## Data
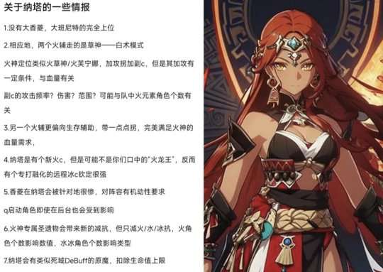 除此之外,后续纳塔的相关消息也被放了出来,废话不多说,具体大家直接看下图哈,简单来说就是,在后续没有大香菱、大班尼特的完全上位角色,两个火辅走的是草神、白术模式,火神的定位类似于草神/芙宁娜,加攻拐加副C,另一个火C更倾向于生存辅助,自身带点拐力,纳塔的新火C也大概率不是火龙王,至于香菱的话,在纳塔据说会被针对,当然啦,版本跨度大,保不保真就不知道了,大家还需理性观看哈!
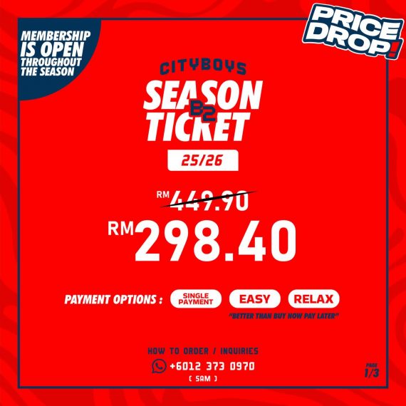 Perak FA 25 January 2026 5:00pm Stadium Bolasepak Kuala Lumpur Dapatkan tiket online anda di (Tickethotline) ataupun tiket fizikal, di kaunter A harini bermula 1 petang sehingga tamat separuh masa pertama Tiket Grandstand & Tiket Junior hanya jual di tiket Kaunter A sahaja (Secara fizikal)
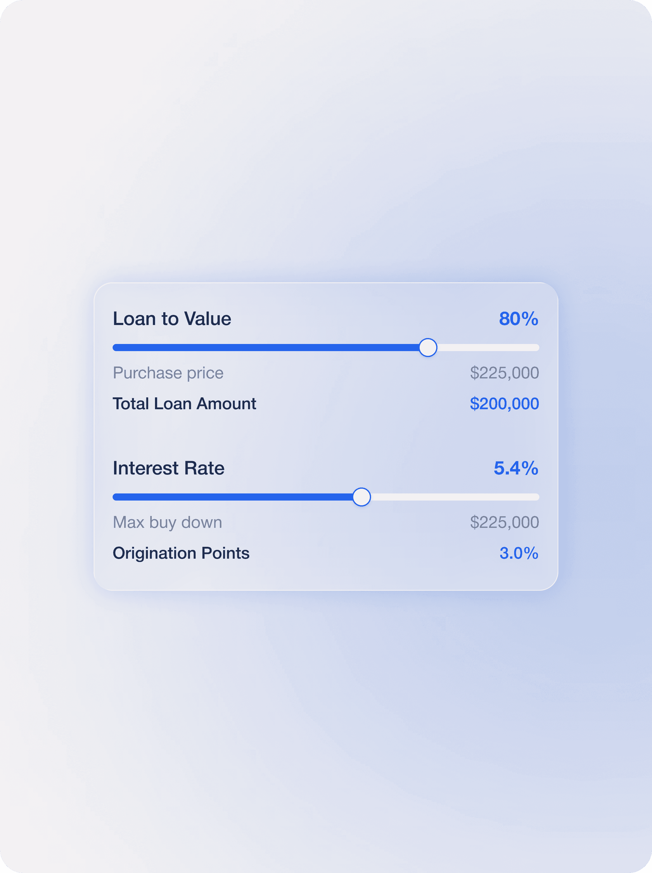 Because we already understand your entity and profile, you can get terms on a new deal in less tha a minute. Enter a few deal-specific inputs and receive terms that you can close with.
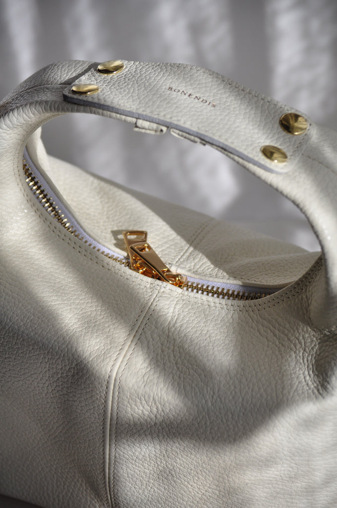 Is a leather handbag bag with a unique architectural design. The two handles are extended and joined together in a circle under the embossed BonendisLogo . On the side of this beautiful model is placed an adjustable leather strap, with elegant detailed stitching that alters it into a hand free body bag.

## About this task
Pictures stay out of the answer; the rest of the listing above is returned exactly.

## Answer to the problem
 除此之外,后续纳塔的相关消息也被放了出来,废话不多说,具体大家直接看下图哈,简单来说就是,在后续没有大香菱、大班尼特的完全上位角色,两个火辅走的是草神、白术模式,火神的定位类似于草神/芙宁娜,加攻拐加副C,另一个火C更倾向于生存辅助,自身带点拐力,纳塔的新火C也大概率不是火龙王,至于香菱的话,在纳塔据说会被针对,当然啦,版本跨度大,保不保真就不知道了,大家还需理性观看哈!
 Perak FA 25 January 2026 5:00pm Stadium Bolasepak Kuala Lumpur Dapatkan tiket online anda di (Tickethotline) ataupun tiket fizikal, di kaunter A harini bermula 1 petang sehingga tamat separuh masa pertama Tiket Grandstand & Tiket Junior hanya jual di tiket Kaunter A sahaja (Secara fizikal)
 Because we already understand your entity and profile, you can get terms on a new deal in less tha a minute. Enter a few deal-specific inputs and receive terms that you can close with.
 Is a leather handbag bag with a unique architectural design. The two handles are extended and joined together in a circle under the embossed BonendisLogo . On the side of this beautiful model is placed an adjustable leather strap, with elegant detailed stitching that alters it into a hand free body bag.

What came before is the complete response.